**Task**
Below are entries. Give back exactly the lines from the one containing "Los usuarios de" through the one containing "Rosenquarz - Halskette", inclusive, without the pictures.

**Input material**
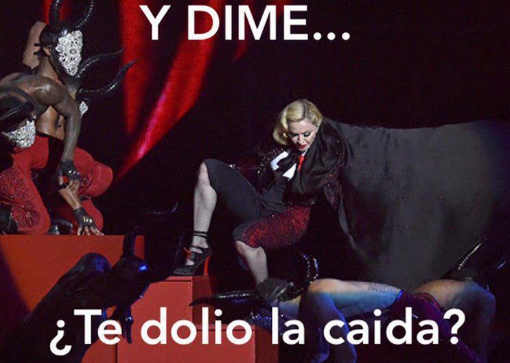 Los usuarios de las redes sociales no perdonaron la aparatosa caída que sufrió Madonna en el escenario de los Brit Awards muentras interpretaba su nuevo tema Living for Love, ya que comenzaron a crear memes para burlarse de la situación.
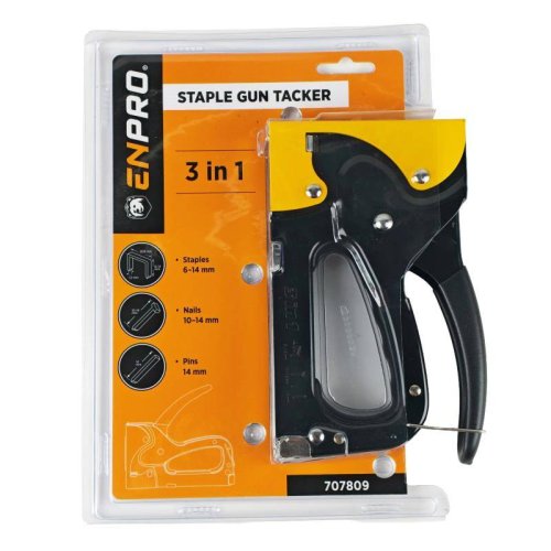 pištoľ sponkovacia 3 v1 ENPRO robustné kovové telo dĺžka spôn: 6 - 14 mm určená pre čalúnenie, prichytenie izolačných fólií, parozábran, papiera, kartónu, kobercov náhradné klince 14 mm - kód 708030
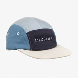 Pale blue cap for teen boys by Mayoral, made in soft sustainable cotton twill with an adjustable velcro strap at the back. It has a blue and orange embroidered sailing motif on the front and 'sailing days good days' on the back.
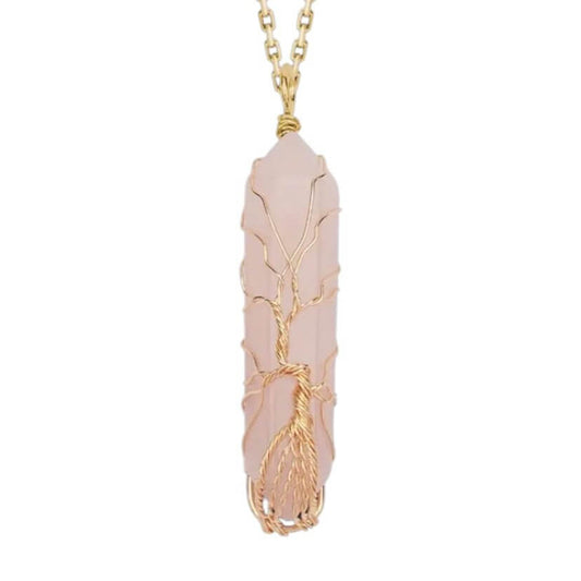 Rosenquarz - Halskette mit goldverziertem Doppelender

* * *

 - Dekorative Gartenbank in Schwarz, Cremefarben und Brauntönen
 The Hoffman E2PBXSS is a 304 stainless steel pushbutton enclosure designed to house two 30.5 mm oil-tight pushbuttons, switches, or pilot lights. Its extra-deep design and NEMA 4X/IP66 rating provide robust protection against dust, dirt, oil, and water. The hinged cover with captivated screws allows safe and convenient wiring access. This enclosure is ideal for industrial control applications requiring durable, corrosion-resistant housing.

**Written answer**
 Los usuarios de las redes sociales no perdonaron la aparatosa caída que sufrió Madonna en el escenario de los Brit Awards muentras interpretaba su nuevo tema Living for Love, ya que comenzaron a crear memes para burlarse de la situación.
 pištoľ sponkovacia 3 v1 ENPRO robustné kovové telo dĺžka spôn: 6 - 14 mm určená pre čalúnenie, prichytenie izolačných fólií, parozábran, papiera, kartónu, kobercov náhradné klince 14 mm - kód 708030
 Pale blue cap for teen boys by Mayoral, made in soft sustainable cotton twill with an adjustable velcro strap at the back. It has a blue and orange embroidered sailing motif on the front and 'sailing days good days' on the back.
 Rosenquarz - Halskette mit goldverziertem Doppelender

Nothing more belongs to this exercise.